Frustration with public transport often arises right at the stop. But a solution would be simple and not even technically complex.

Studies show that it's often not even the waiting time at stops that particularly annoys customers.

Studies show that it’s often not even the waiting time at stops that particularly annoys customers.
picture alliance/dpa | Philip Dulian

Winter is not a good time for public transport. The problem is not just the weather, but also the lack of information about the whereabouts of the means of transport in many transport associations. If you’re lucky, there will be an indicator at the stops telling you when the next bus is coming. But real-time information in an app is still a rarity. A position display would be important, especially in winter. Because who wants to freeze at the bus stop for a quarter of an hour?

Unfortunately, this is everyday life in local public transport. And this is exactly where digitalization should work. If someone is waiting in annoyance, has appointments or needs to reach connections, such information is not a convenience, but rather a reason not to use public transport.

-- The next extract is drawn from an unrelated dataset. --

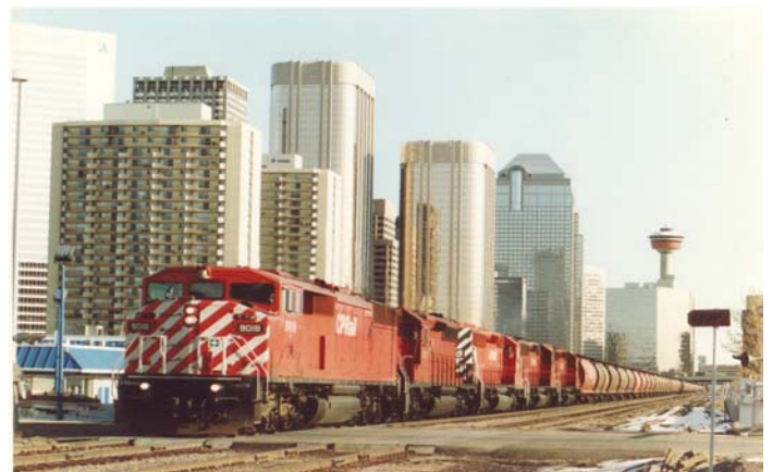
11 th Street 1991 (top) and in 2002 (bottom)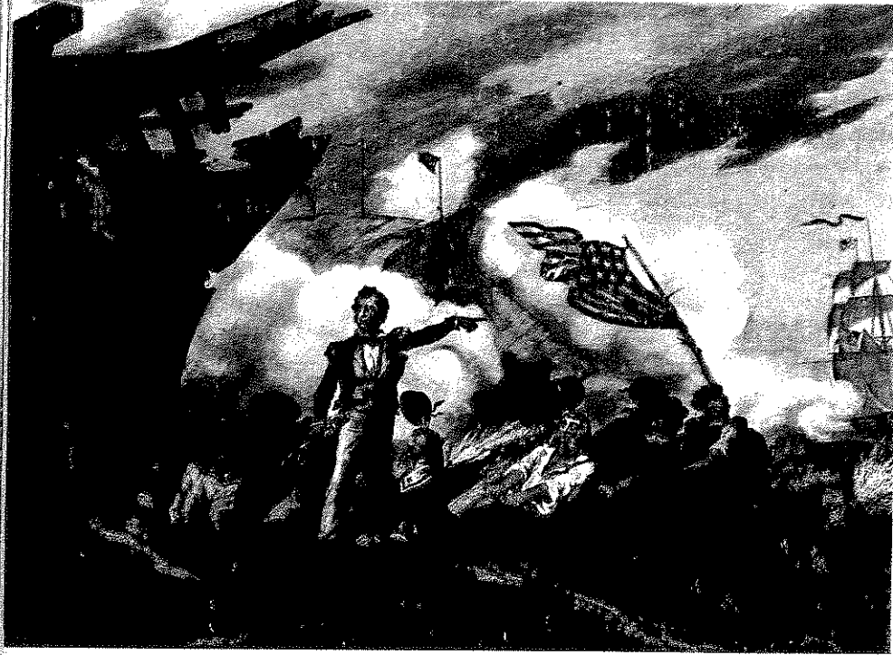
The United States gained control of Lake Erie during the War of 1812 as a result of the victory of naval forces under the leadership of Oliver Hazard Perry in 1813.

There is no shortage of data

Real time in public transport is not a future issue. In Berlin and Brandenburg, buses and trains can often be tracked quite precisely. This year this will also be possible via an app. Other cities and associations also provide usable live data to their apps or to third-party services. Anyone who is there will at least know whether the wait is still worth it. So the problem is not the technology. The problem is that it doesn’t come naturally.

The reasons for the shortage are varied. There are hundreds of providers, all of which have different operators, control centers, IT systems and contracts with service providers. Every bus knows where it is, every control center sees its position exactly. But this knowledge often does not reach where it is needed: with the passenger.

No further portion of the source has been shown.